Namen verraten die Hoffnungen, Vorstellungen, Projektionen von Vätern und Müttern, folgen Trends und deuten auf die Herkunft ihrer Träger hin.
Für Juden sind mit der Namensgebung eines Kindes viele Entscheidungen verbunden: Soll der Name die Zugehörigkeit unterstreichen, nur für andere Juden kenntlich sein, oder gerade nicht? Ist er geläufig in der Sprache des Landes, aus dem eine Familie kam oder in das ein Kind geboren wird? Welche Übersetzungen hat er erlebt? An wen soll er erinnern? Kolleginnen und Kollegen sowie Freundinnen und Freunde des Jüdischen Museums Berlin teilen in diesem Blog ihre Gedanken zu diesen und anderen Fragen mit.
Naomi
Mein Name bedeutet »angenehm« auf Hebräisch, und angenehm war er in Nordamerika Mitte der 70er Jahre tatsächlich: angenehm normal. Naomi war weder einer der Modenamen wie Jennifer, Amy, Melissa und Heather, noch war er so außergewöhnlich wie die Namen anderer Flower-Power-Kinder dieser Zeit wie Blossom, Charisma, Summer oder Echo.
Mit seinem Bezug zur alttestamentarischen Geschichte von Rut und Noomi ist mein Name beliebt unter jüdischen Eltern. Zu meinen Namensvetterinnen gehören beispielsweise die jüdischen Sozialkritikerinnen Naomi Klein (1970) und Naomi Wolf (1962). Es gibt aber auch nicht-jüdische Naomis wie die Schauspielerinnen Naomi Watts (1968) und Naomie Harris (1976). Wie ich sind viele Naomis ebenfalls Sommerbabys, da die Geschichte von Rut und Noomi zu Schawuot, einem Feiertag im Sommer, gelesen wird, und es jüdischem Brauch entspricht, Kinder nach den Figuren der biblischen Geschichten zu benennen, die zum Zeitpunkt der Geburt gelesen werden.
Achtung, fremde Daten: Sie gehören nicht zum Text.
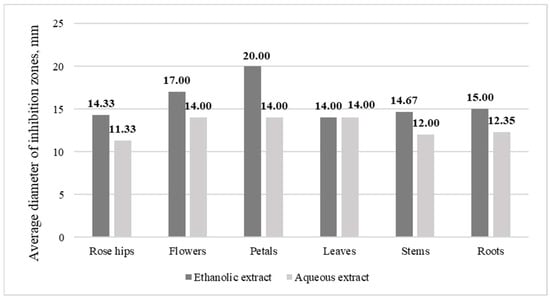 According to the data on the antifungal and antibacterial activity of the various aqueous and ethanolic extracts of the different parts of R. rugosa for microorganisms, it was determined that ethanolic and aqueous extracts of all the tested parts of R. rugosa (rose hips, petals, flowers, leaves, stems, and roots) showed antifungal, antimicrobial activity against Gram-positive and Gram-negative microorganisms and only their spectrum and strength differed.

In den 1980er Jahren zogen meine Familie und ich nach Berlin. Anders als in Toronto war mein Name dort, in dieser insularen Enklave vor der Wende, praktisch unbekannt. Noch dazu klang er mit seiner ungewöhnlichen Kombination von Vokalen ganz anders als geläufige Namen wie Nicole, Stephanie, Kathrin und Claudia. Einmal fragte mich ein Junge, dem die Aussprache meines Namens schwer fiel, ob ich nach den Maoam-Bonbons benannt worden sei.
Das Ansehen meines Namens änderte sich 1988 schlagartig. In jenem Jahr wurde ein achtzehnjähriges Model afrikanisch-jamaikanisch-chinesischen Ursprungs namens Naomi Campbell auch in Deutschland über Zeitschriftenartikel, Modewerbung und Interviews bekannt. Plötzlich, von einem Tag auf den anderen, stand mein Name für die Gauguin‘sche Exotik, die sie verkörperte.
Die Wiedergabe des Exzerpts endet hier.